Specter was considered one of the last moderate centrist Republicans to survive in the Senate, but even with all of his history and accomplishments through three decades in the esteemed body, he saw that he wouldn’t be able to hold onto his Senate seat as a member of the Republican Party in 2009—so he switched parties. But Specter, who started his career as a Democrat but was a Republican for 44 years, lost in the Democratic primary.

Specter was even a vital force as a young lawyer for the Warren Commission and is credited for originating the theory that a lone gunman shot both President John F. Kennedy and Texas Gov. John B. Connally with the same bullet.

 

In a statement issued yesterday, President Obama said, “Arlen Specter was always a fighter.”

“From his days stamping out corruption as a prosecutor in Philadelphia to his three decades of service in the Senate, Arlen was fiercely independent—never putting party or ideology ahead of the people he was chosen to serve,” the president’s statement continued. “He brought that same toughness and determination to his personal struggles, using his own story to inspire others.”

The president said Specter brought the same determination to beating a brain tumor and heart bypass surgery that he brought to political battles.

“Arlen fought that battle for seven more years with the same resolve he used to fight for stem-cell research funding, veterans health, and countless other issues that will continue to change lives for years to come.  Michelle and I send our thoughts and prayers to Joan and the rest of the Specter family,” the president said.

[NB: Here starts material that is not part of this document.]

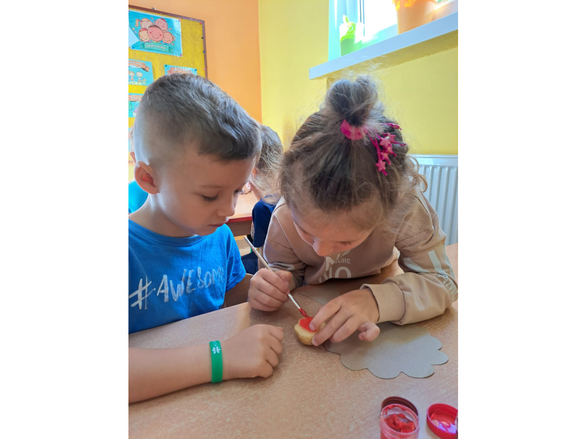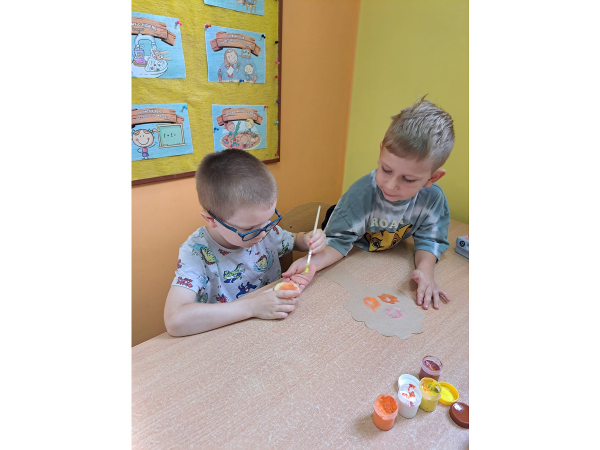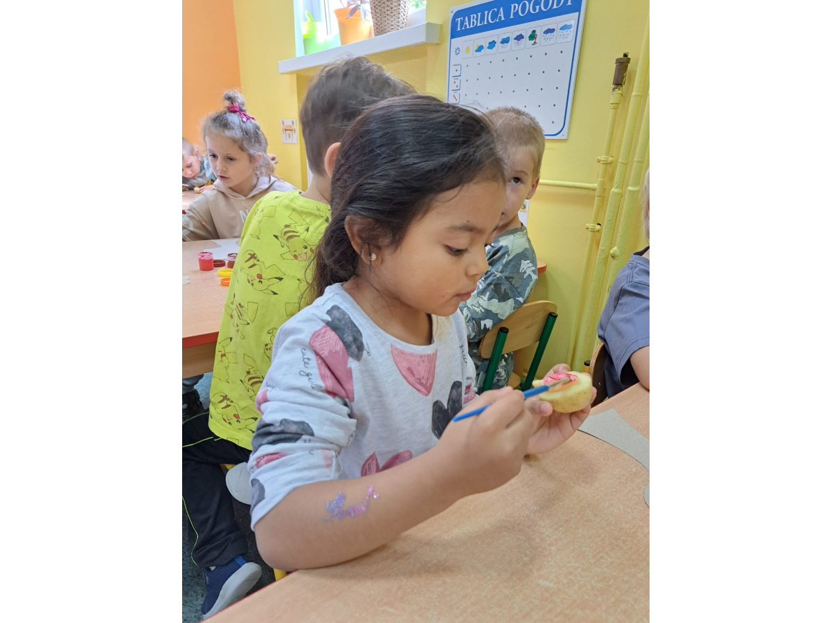 Jesienne prace plastyczne Żabek- stemplowanie ziemniakiem n/t "Kolorwe liście"

While his party became more stridently conservative, Specter angered other Republicans by remaining a staunch supporter of Roe v. Wade and an advocate of biomedical and embryonic stem cell research—long before he was diagnosed with cancer.

Specter even ran for president in 1995, but his campaign didn’t survive very long—not helped by Specter’s denunciation of the Christian right as an extremist “fringe.”

Specter, a former prosecutor, could be mean and brash—so much so that he was sometimes called “Snarlin’ Arlen” on Capitol Hill. When well-known conservative Paul Weyrich defended him after Specter was attacked for his harsh questioning of Anita Hill during the Clarence Thomas confirmation hearings, Weyrich told National Review magazine, “Arlen Specter is a jerk, but he’s our jerk.”